Fun with Authorization
Hello again, and a happy Friday to you! I'm back with a sequel update to the inaugural update. If you're thinking "too soon", that's good feedback. I won't know it because it's a thought in your head, but I appreciate the feedback nonetheless.
In any case, let's proceed with the update. As you'll no doubt recall, we declared last week that the main impetus for the coming week had to do with user authorization in Whally, a new system for running schools. Indeed, the entire week was consumed with such. Substantially gratifying progress is evident 7 days later.
What is authorization?
Authorization is a word in the English language that means "you're allowed to do such-and-such". For example, children often ask "hey mom am I authorized to have a granola bar?" At such time and every such time, a decision must be made. Should the granola be allowed, or denied? What policies apply to this situation? Then an answer: "nope". Or "sure, I'm tired, whatever."
The are various ways to approach such decision-making. The easy way is a single policy that always applies to everyone, like: adults get granola, kids don't. Or vice-versa. I thought about using this strategy and being done with the task in a few hours.
But people quickly become annoyed by strict, inflexible policies and demand exceptions. But what about when I turn 12? As almost-adult, kid policy shouldn't really apply.
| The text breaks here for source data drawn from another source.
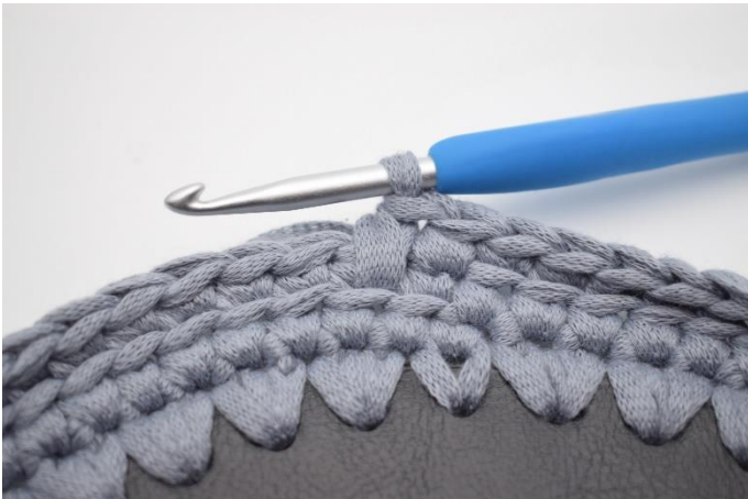
9. Sådan. Der er nu hæklet 1 fm og 1 dfm.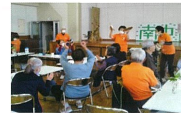
音楽レクリエーション

「支えあいネット♥みなみ」が6年目を迎えます。今も、地元高齢者の触れ合いの場となっています。健康維持を目指す場であり、元気に活躍できる場でもあります。参加される皆さんの笑顔と元気をこれからも応援していきます。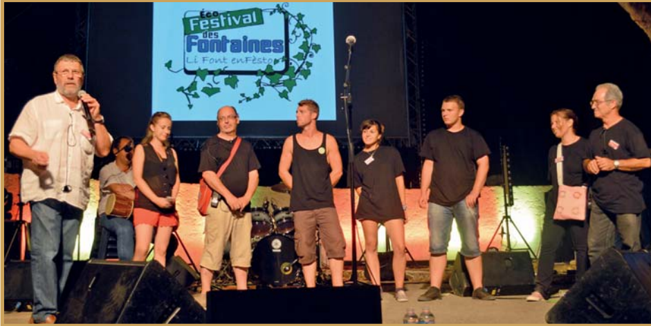
4 ème Festival des Fontaines "l'équipe du festival" parc de la Fontaine Mary-Rose le 4 août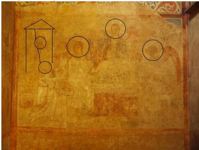
Рис. 10 Фреска «Старозавітна Трійця» («Гостинність Авраама») Софійського собору Києва.

Отож верхня частина так званої «ктиторської композиції» Кирилівської церкви за системою розміщення образів (Рис. 5) майже ідентична композиції «Старозавітна Трійця» («Гостинність Авраама») Софійського собору Києва XI ст. (Рис. 10) 39 .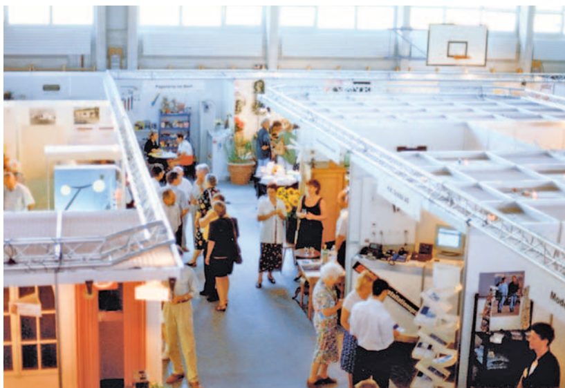
Die nächste HEGA findet 2010 statt.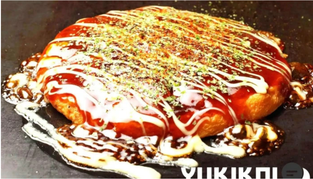
もんじゃ焼 山吉 枚方店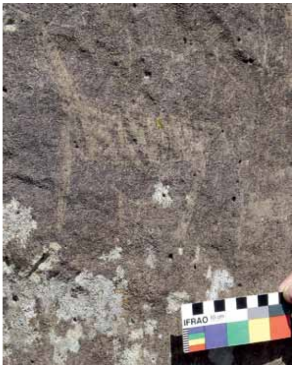
Figura 1. Guanacos (o animales cuadrúpedos) grabados sobre soporte basáltico del sitio Bajada del Dibujo, Región Margen Norte del río Santa Cruz, Santa Cruz, Argentina. Nótese las similitudes en forma de las figuras, las diferencias en tamaño y en posición. Figure 1. Guanacos (or quadrupeds) engraved on basalt at the site of Bajada del Dibujo, Region of Margen Norte del río Santa Cruz, Santa Cruz, Argentina. Note the similar shape of the figures and the different sizes and positioning.

operado de manera distinta, por ejemplo, generando una realidad visual y visible, pero no necesariamente simbólica. Claramente muchos autores usan el término “representación” de una manera más laxa y/o expresando que tienen en cuenta las limitaciones conceptuales de su uso, pero considero importante tener esta problemática en cuenta por las implicaciones teóricas que trae.

So we need to adapt the rules over time depending on the case. This is where roles and permissions come in.
A permission is a specific action, like "unwrap the bar". Another might be "actually eat the bar". In theory, you could allow one and not the other, but good luck. A role can be thought of as a consistent collection of allowed permissions, like "Uncle Noah can always unwrap AND eat the bar". We'd like to codify such a role and apply it where appropriate, rather than coming up with unique rules every time.
Whally now understands such things. You can define a user to have a role. which confers a configurable set of permissions. You can also create any number of custom roles to meet specific needs, and apply these to any user in your organization. In doing so, it's easy to understand at a glance who can access and affect what in the system.
This now exists in the brand-new administration interface in Whally. People in the organization can be managed:
Any number of roles could be invented to suit one's purposes. There will be some standard roles to make things easy:
User authorization might seem super boring, but it actually has some fun or interesting aspects. For example, what about access to specific items? You might want to "share" a single file or student record to a specific person, like a parent, to allow viewing or editing that information alone. This requires a second layer of access, which Whally now understands and will further manifest.
Also, authorization is a performance-sensitive process. Literally every time you do anything in the system, a decision has to be made about whether you are allowed. There is no "I'm tired, go for it" in the systems world. Ensuring these decisions can be made very quickly and efficiently is a perfect opportunity to bring OCD overengineering to bear.
In other news, the initial layout for the app is taking shape. One aspect is the Students view, which is the primary place student information is managed. Quite a bit has already emerged here, with instant full-text search and support for many data types including images, files, dates, configurable selections, and more.
Once authorization is buttoned up, work can begin in a new, hopefully less tedious area. More soon on what becomes of that.